We had a little misunderstanding that came to light in the minivan yesterday.
While there were tears shed across the state on back to school day yesterday, my boys cried because they weren’t going to grade school.
When we rolled up to drop the boys off at preschool/daycare, Sam cheerfully told his brother, “Goodbye, Jake. I’m going to Kindergarten now.”
“And so I go too,” said Jake.
Except no, to both.
Though Sam will start school tomorrow, Jake is a ways out from his first day pics.
But, Sam did get to go meet his teacher at which point I had an opportunity to practice reacting to misunderstandings and confusion of my own.
First, I was flustered at the front office, fumbling to get my license out of my purse while the other parents gathered in the hall listening to the teacher. I misunderstood the sentence “personal time for you and your child to get to know the teacher and classroom” to mean it would be just us.
Instead it was a whole group, which was fine – great, even. It’s just not what I was expecting.
I was impressed by the teacher giving the kids a task to play with a tub of specific toys, and my kid may or may not have helped organize the organizing effort. By color, and by type of material. Love. Him.
Oh, and can we talk about supply drop off? Because that threw me off too.
I was flustered at the supply drop off because it was more of a random dump with little direction or clarity.
So, let’s talk about those supply lists for a sec.

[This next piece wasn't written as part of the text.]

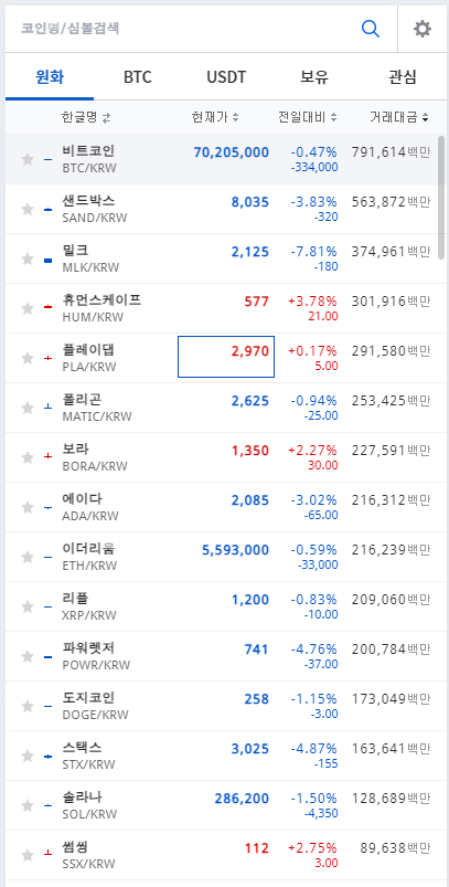 업비트 한화 코인 마켓 모든 코인들의 정보를 공유 드렸습니다.

I was proactive and downloaded one marked for this school year (for sure, I’ve checked a few times).
But, alas after checking that list off, we received a letter in the mail with different and conflicting supplies.
People! I’m trying to be perfect here and that shit messes me up!
Also, how about some labeling instructions. Really, it’s easier to do it at home with a Sharpie than in a crowded classroom while I’m trying to casually stalk my child to see how he’s interacting.
Community supplies? Sweet- just let me know in advance so I’m not letting Sam pick which color scissors he wants when really, it’ll fall into the “get what you get and don’t throw a fit” clause.
I’m the kind of person who always wants to be prepared, always wants to have the extra pencils in case someone needs to borrow one and I like doing things right.
But it’s not about the tissues or about doing everything right, right?
It’s about how you react to being thrown off. It’s about learning to find your balance even when the ground below you is unsteady.
So while it’s Sam’s first day of school tomorrow, it’s also my first time with a kid in school – we’ll get it figured out in time for graduation I’m sure.
Oh, and one more thing. When I first heard through a friend that my son’s teacher was going to be a man I was a little tripped out.
Like damn near everything else about parenting it didn’t match the picture in my head for what would happen when Sam started Kindergarten.
Mr. Teacher won my heart tonight
“When I was a kid, I was a boy and recess saved my life.”
And that’s when I realized it was all going according to plan, even if it wasn’t the one I came up with.